Now that we know how our data is sent from StatsD, lets take a look at how it is stored and processed in Graphite.
In the Graphite documentation we can find the Graphite overview. It sums up Graphite with these two simple points.
Graphite stores numeric time-series data.
Graphite renders graphs of this data on demand.
Graphite consists of three parts.
carbon - a daemon that listens for time-series data.
whisper - a simple database library for storing time-series data.
webapp - a (Django) webapp that renders graphs on demand.
The format for time-series data in graphite looks like this
<key> <numeric value> <timestamp>
Storage schemas
Graphite uses configurable storage schemas to define retention rates for storing data. It matches data paths with a pattern and tells what frequency and history for our data to store.
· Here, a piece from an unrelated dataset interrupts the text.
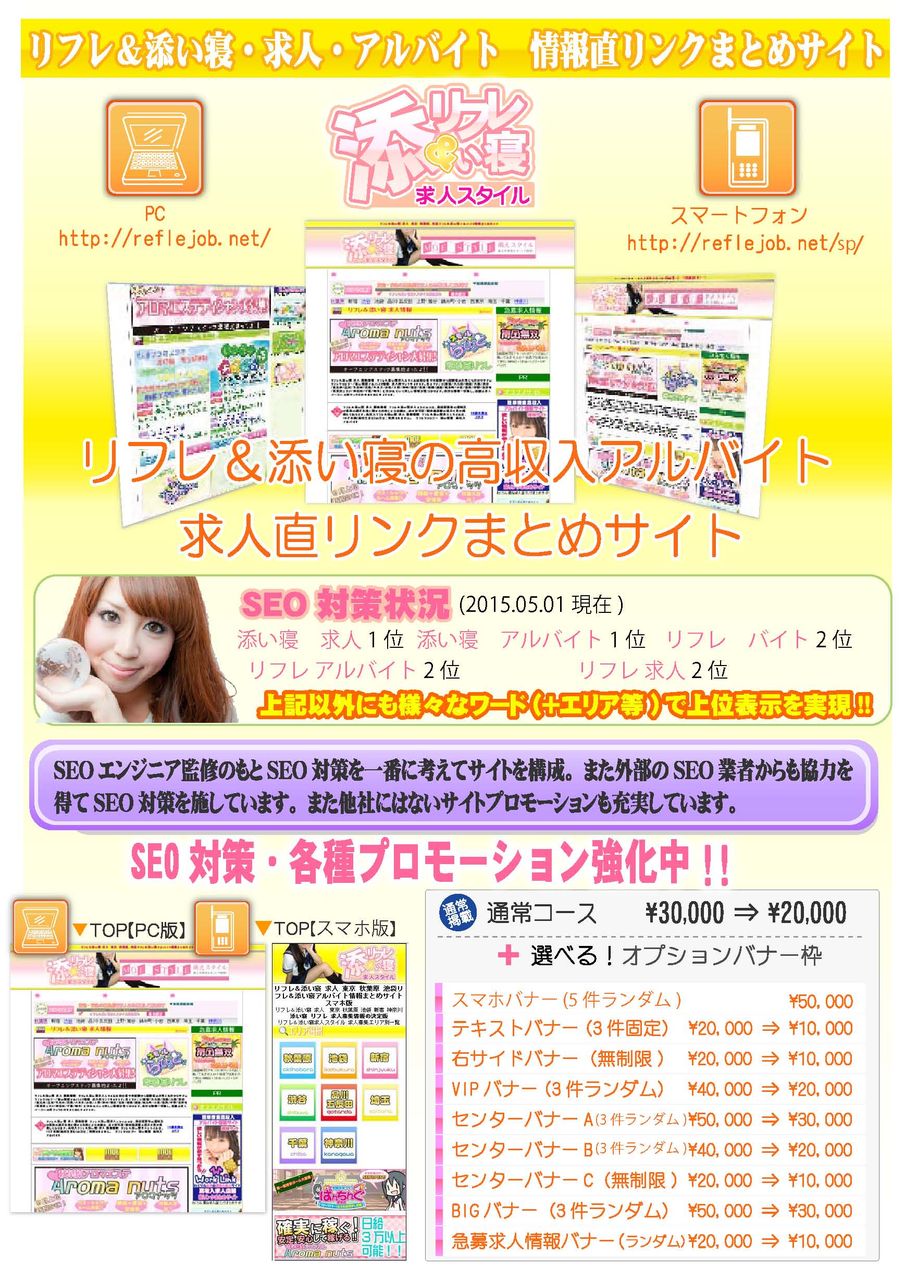 『リフレ/添い寝/求人/アルバイト』のワードを中心にSEO対策を施しています。

The following configuration example is taken from the StatsD documentation.
[stats]
pattern = ^stats\..*
retentions = 10:2160,60:10080,600:262974
Which means these retentions will be used for every entry with a key matching the pattern defined. The retention format is frequency:history. So this configuration lets us store 10 second data for 6 hours, 1 minute data for 1 week, and 10 minute data for 5 years.
Visualizing a timer in Graphite
Knowing all this, we can now take a look at my simple ruby-script that collects timings for a HTTP requests.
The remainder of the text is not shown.